═════ Raw data ═════

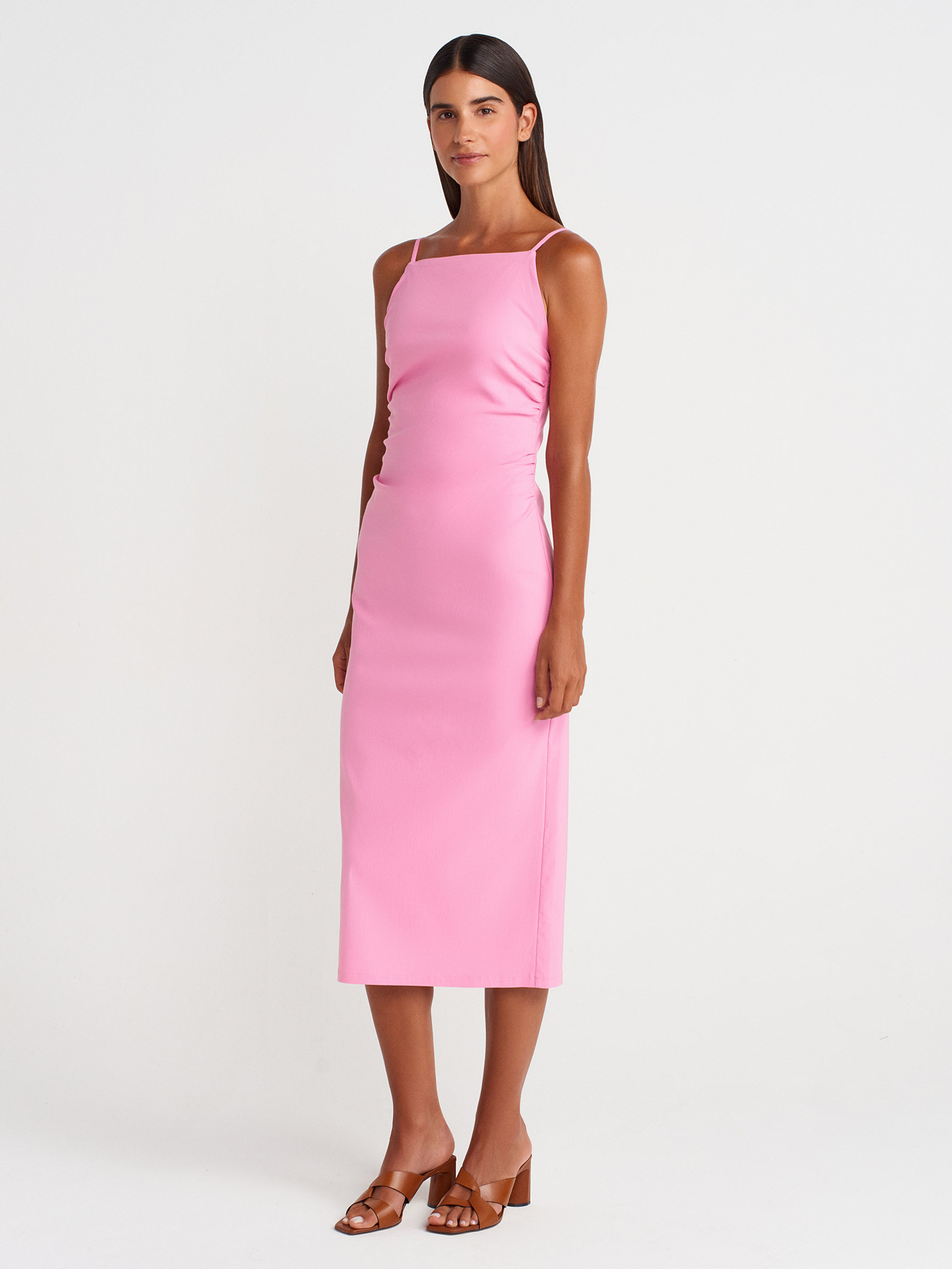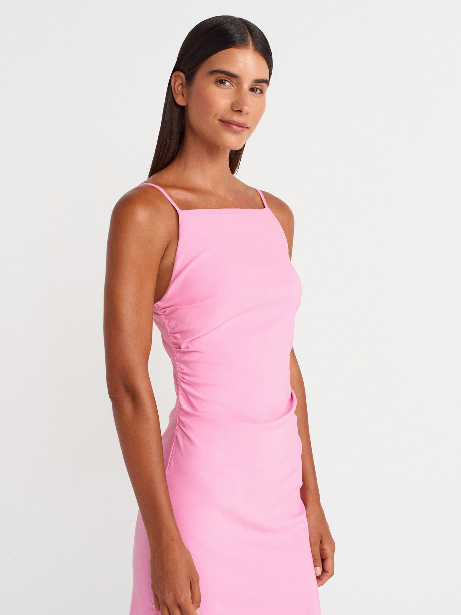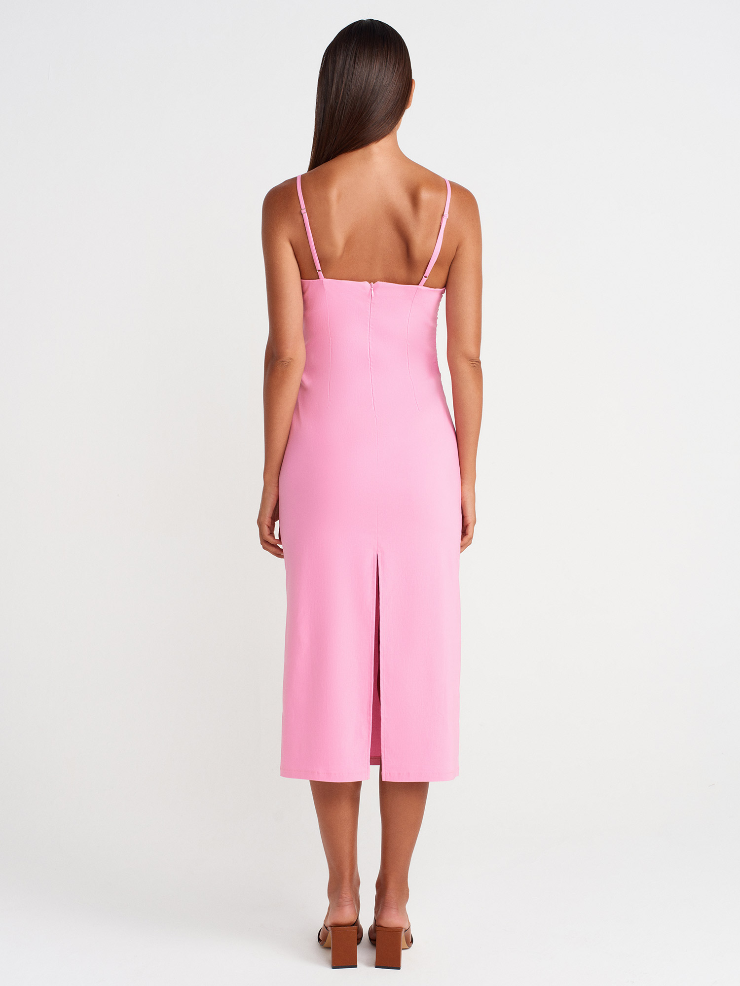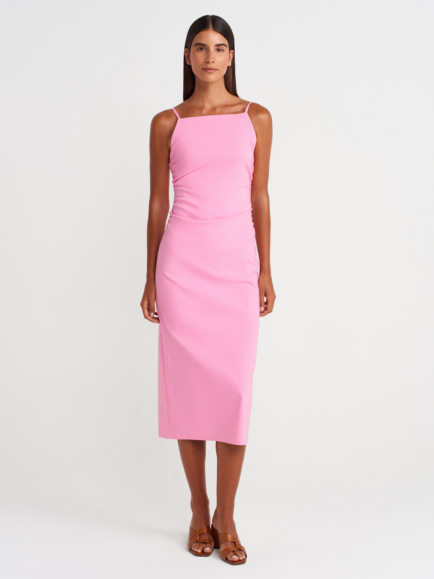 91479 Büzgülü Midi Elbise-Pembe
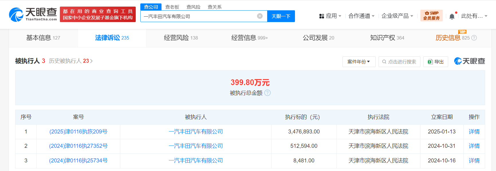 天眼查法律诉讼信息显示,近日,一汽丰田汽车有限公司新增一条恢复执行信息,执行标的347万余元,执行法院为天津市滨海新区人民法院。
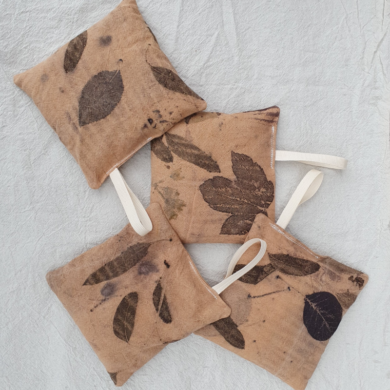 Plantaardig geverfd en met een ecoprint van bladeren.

═════

All of the data must be set down exactly, with no pictures included.

 91479 Büzgülü Midi Elbise-Pembe
 天眼查法律诉讼信息显示,近日,一汽丰田汽车有限公司新增一条恢复执行信息,执行标的347万余元,执行法院为天津市滨海新区人民法院。
 Plantaardig geverfd en met een ecoprint van bladeren.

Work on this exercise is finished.